Lost at Sea – John Ronson (1)

This is an intriguing essay collection about, well, lots of different things. As an investigative journalist, Mr. Ronson is skilled in tracking down some of the more fringe human-interest stories. As a human being, he addresses them with genuine curiosity, humanity, and his trademark humor. While the topics covered range from disappearances on cruise ships to income disparity in the United States, there is a definite sense of coherence as you read through the whole collection.

I am aware that the entire world of history/political science is regrettably missing from this list. It seems I am not particularly drawn to those for some reason, but I’d be happy to take any recommendations that you think might change my mind! Happy reading, and thanks for letting me hijack this blog for the day!

Do you read a lot of non-fiction? What topics interest you enough to read more about? Has Ahuva convinced you to read any of her recommendations? Do you have any recommendations for Ahuva?


9 thoughts on “Non-Fiction For the Newly Acquainted

  1. My favorite non fiction are the memoir of the « mental health » kind. Ive read Matt haig’s, first we make the beast beautiful, aswell as hello i wanna die please fix me; while they are very personal to what the author experience, I do enjoy how they place facts and things that I can discover about my own illnesses, or ways to cope with them.

    Ofcourse as I enjoy youtube videos aswell, true crime books. Along with doctor stories of what they’ve seen happens in hospital!

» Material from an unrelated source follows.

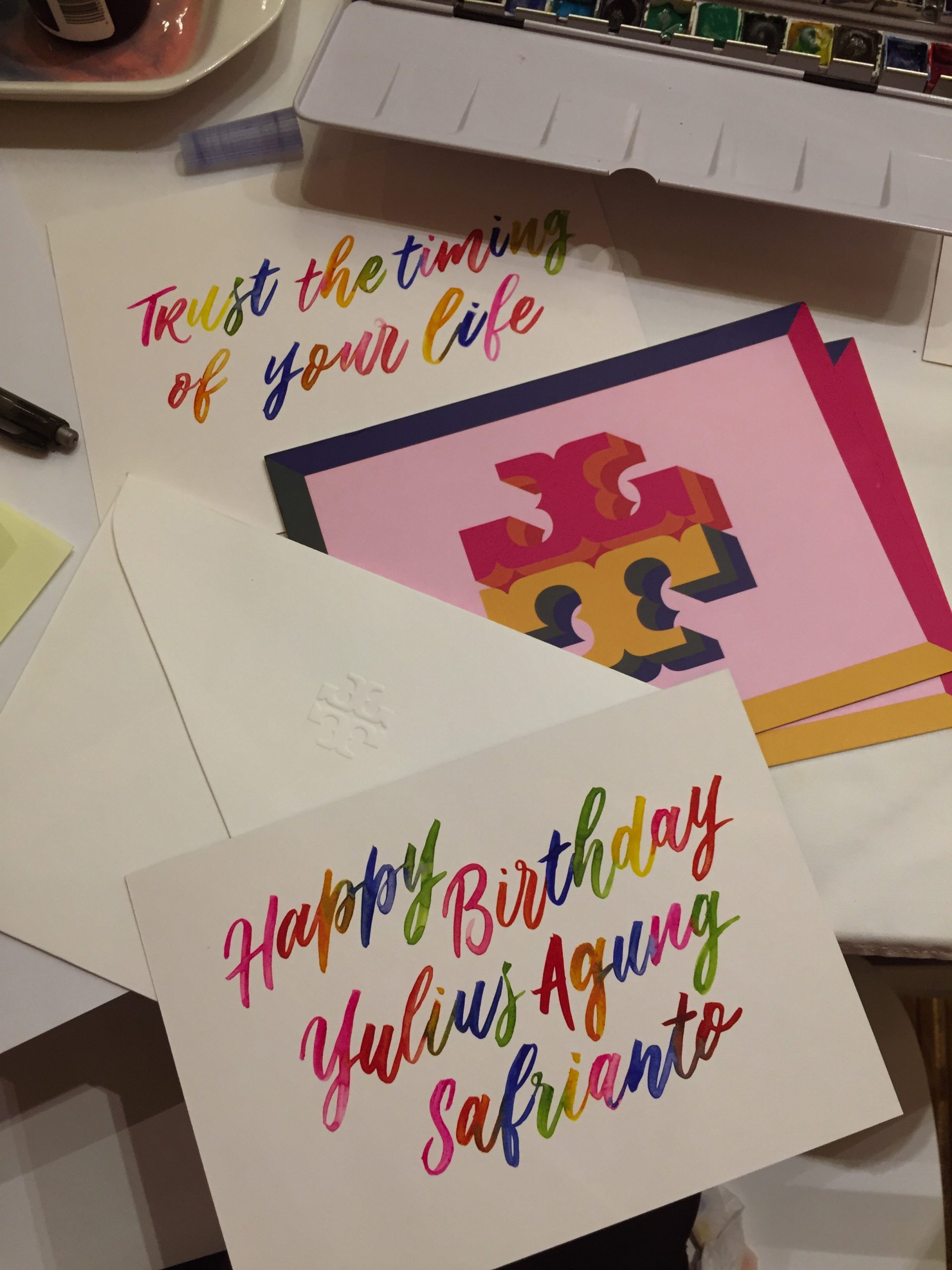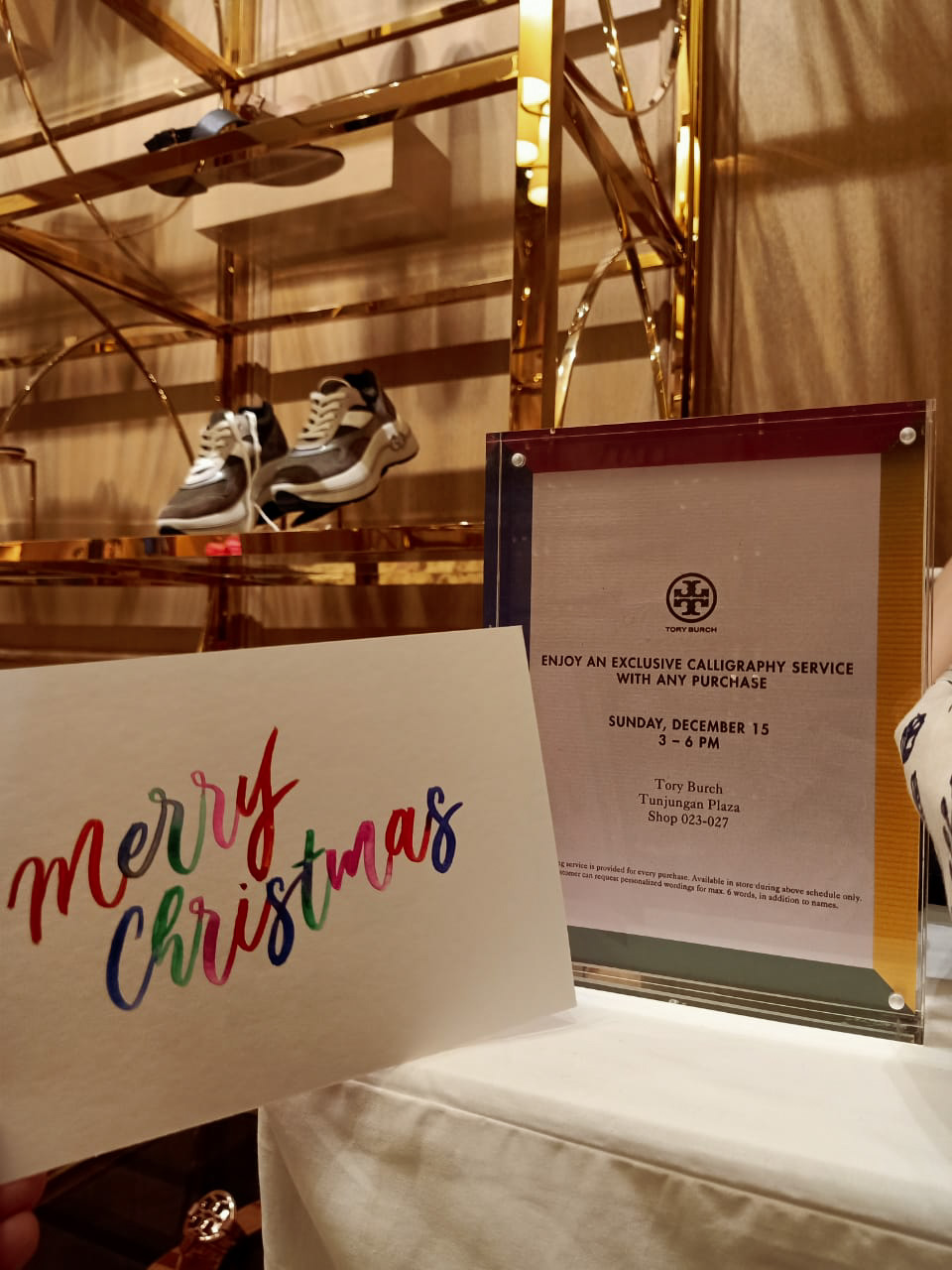 Throwback to our live writing event for Tory Burch Tunjungan Plaza back in Dec 2019. To match with the theme, we were requested to do colorful lettering for guests as a free complimentary alongside with their purchases. We had so much fun!

    1. Thanks for being the first commenter on my first-ever blog post!
      I’ve never read either of those, but they sound like books I might enjoy. Mental-health related memoirs are so powerful because they can help explain the inner world of those suffering from mental illness and bridge the conversational divide with their friends and families. There’s definitely a lot to learn and it’s great that these authors can help with that!

      Liked by 1 person

  2. I also wrote a report on James Madison back in my elementary school days!! Dolley Madison was my favorite First Lady at the time, and I always thought the story of their lives and their time in office was so fascinating.
    I actually had a whole plan for this year where I’d try to branch out with my reading genres, because I’ve been strictly fiction (specifically fantasy, contemporary, and mystery) for as long as I can remember. Non-fiction only happened because of school/university. But after reading a memoir back in March, I decided I should give the rest of the genre a try…except I haven’t read any non-fiction books since then 🙈 Lol, so these recommendations are going to be so much help, thank you for sharing them! ❤✨


    1. That’s funny! I didn’t actually get a choice on that one, but Dolley Madison was definitely quite a force! It’s great to branch out and discover new interests. Memoir is definitely a good way to dip into non-fiction because it has the elements of a story/novel, and great character development too.
      I’m glad you found this helpful, thanks for your feedback on my first-ever post 🙂


  3. This is an extremely useful post. Non-fiction is not popular among the young adult (as far I as I know and I’m a teen- maybe I’m just hanging around the wrong crowd? ). I personally visualize autobiographies when Non-fiction is mentioned (Every. Single. Time) despite knowing better.
    Sudha Murty is one of favorite non-fiction author. She writes about her personal experience in simple English so as to reach as many as possible.
    I really need to start working on my non-fiction tbr (😅) and I’m pretty sure this post is going to help a lot.


    1. Glad you found this useful! Non-fiction can be sort of an acquired taste, especially among young adults. It’s something I mostly got into as a college student, but you can definitely find those at every stage who are interested in non-fiction.
      I’m not familiar with Sudha Murty, so thanks for the intro! I’m always down to read about some powerhouse female engineers 🙂 .
      Good luck with your non-fiction tbr, and happy reading!